Higher crude oil prices and rising European demand have spurred a restart of two previously shelved oil production projects in Newfoundland and Labrador.
Alberta-based Cenovus Energy Inc. and investment partner Suncor are resuming work on the West White Rose off-shore drilling platform, with estimated investment of up to $1.8 billion, while Norwegian oil and energy giant Equinor said it has won approval from federal officials in Canada for the estimated $9-billion, or more, Bay du Nord project, which will use a floating structure instead of a platform to produce, store and off-load oil.
Cenovus Energy now hopes to have its platform in place to begin pumping crude during the first half of 2026. The project was roughly 65% complete when halted by previous owner Husky Energy during the pandemic in 2020. That company was acquired by Cenovus Energy in 2021.
West White Rose is expected to hit peak production of about 80,000 barrels per day by the end of the decade, according to Cenovus Energy.
A consortium of SNC-Lavalin, Dragados and Pennecon was contracted to build the 145-m-high concrete gravity structure for the fixed drilling platform. Kiewit was awarded a contract for fabrication, construction and integration of topsides for the project.
TechnipFMC was awarded an engineering, procurement, construction and installation (EPCI) contract by Husky Energy in August 2017. The contract included the supply and installation of subsea equipment.
Cenovus Energy has reworked its project plans and refined its cost estimates, said Alex Pourbaix, president and CEO, in a statement.
Work on the platform, which will start next year, is expected to cost $1.2 billion to $1.4 billion, with another $389 million for subsea drilling and other work, the company said. It added that a revamped royalty agreement with the Newfoundland-Labrador gpvernment will provide “safeguards to the project’s economics in periods of low commodity prices.”
By comparison, scrapping the project and decommissioning the West White Rose project would cost almost as much as completing it—up to $1.4 billion over the next five years, according to the energy firm.
Darin King, executive director of Trades N.L., which represents 16 construction and building unions, said the project "is critical to the future of our province's building trades and construction industry."
The project will generate up to 1,500 more direct and indirect jobs during construction at a fabrication site at the port of Argentia, as well as on the platform, to be located about 350 km offshore, with about 250 new permanent platform jobs also to be created, said Andrew Parsons, Newfoundland-Labrador minister of industry, energy and technology.
"Employment at the Argentia site will ramp up immediately, and increase through next year," he said. "Over its 14-year life span, this project is expected to generate nearly $20 billion in gross domestic product, and over $7 billion in labor income for the province."

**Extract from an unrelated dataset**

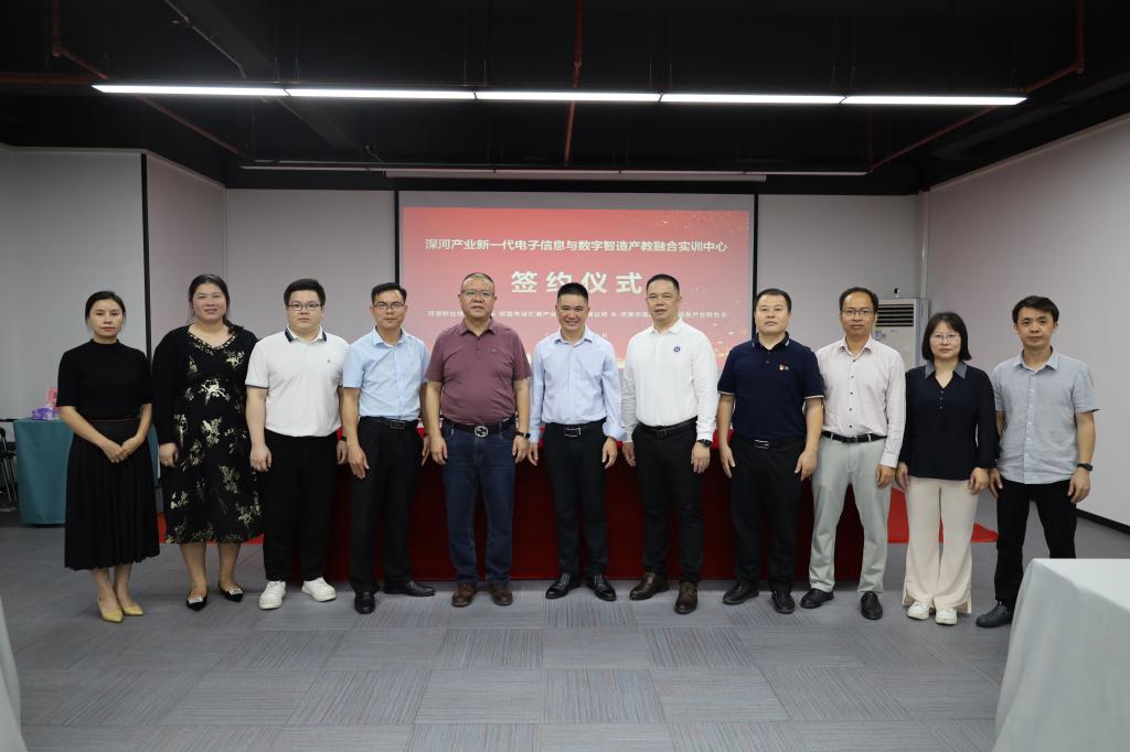 为了深化产教融合,增强职业教育的适应性,赋能河源千亿级电子信息产业发展。2024年11月1日,在深圳南山河源高新区共建产业园,举行了校企会共建深河产业新一代电子信息与数字智造产教融合实训中心签约仪式,我校袁光华副校长、科研处廖远兵处长、河源市深汇通产业园开发有限公司董事长胡建光、河源市高新区电子信息产业联合会会长邓涛以及校企会三方相关人员参加了签约仪式。

The deal with Cenovus Energy also includes $100 million to "support the energy transition and other renewable initiatives," said Parsons. "We will continue to foster an environment that supports our economy by embracing renewable energy, while maximizing our low-carbon oil and gas advantage."
Project Faces Hurdles
By contrast, Equinor’s Bay du Nord project still faces serious hurdles, with the challenge of nailing down a financing package amid a lawsuit by environmental groups.
Ecojustice, an environmental law nonprofit, last month filed a lawsuit in federal court on behalf of the Sierra Club Canada and Équiterre in a bid to block the massive oil production project.
Canadian Environment and Climate Minister Steven Guilbeault approved the project in May while attaching 137 conditions, including a requirement to meet net-zero carbon emission standards by 2050.
James Gunvaldsen Klaassen, a staff lawyer for Ecojustice, contends the federal approval of Bay du Nord did not take into account the impacts of the big fossil fuel extraction project, including possible harm to marine life of oil spills and large tanker traffic. “These are large tankers that are hauling production from the Bay du Nord to the island of Newfoundland or beyond,” he said.
But in a sign of growing market interest in east coast offshore oil projects, British oil giant BP on June 13 announced it was buying Cenovus Energy's 35% stake in Bay du Nord, with Equinor remaining as lead investor. Both firms have said their investments in offshore eastern Canada represents a shift away from oil sands production.
Subject to regulatory approvals, the BP transaction is expected to close in 2022. Equinor has estimated it will make a final investment decision in Bay du Nord in two years. The project would be located in the Flemish Pass Basin, 500 km northeast of St. John's, Newfoundland, in water that is about 1,200 m deep.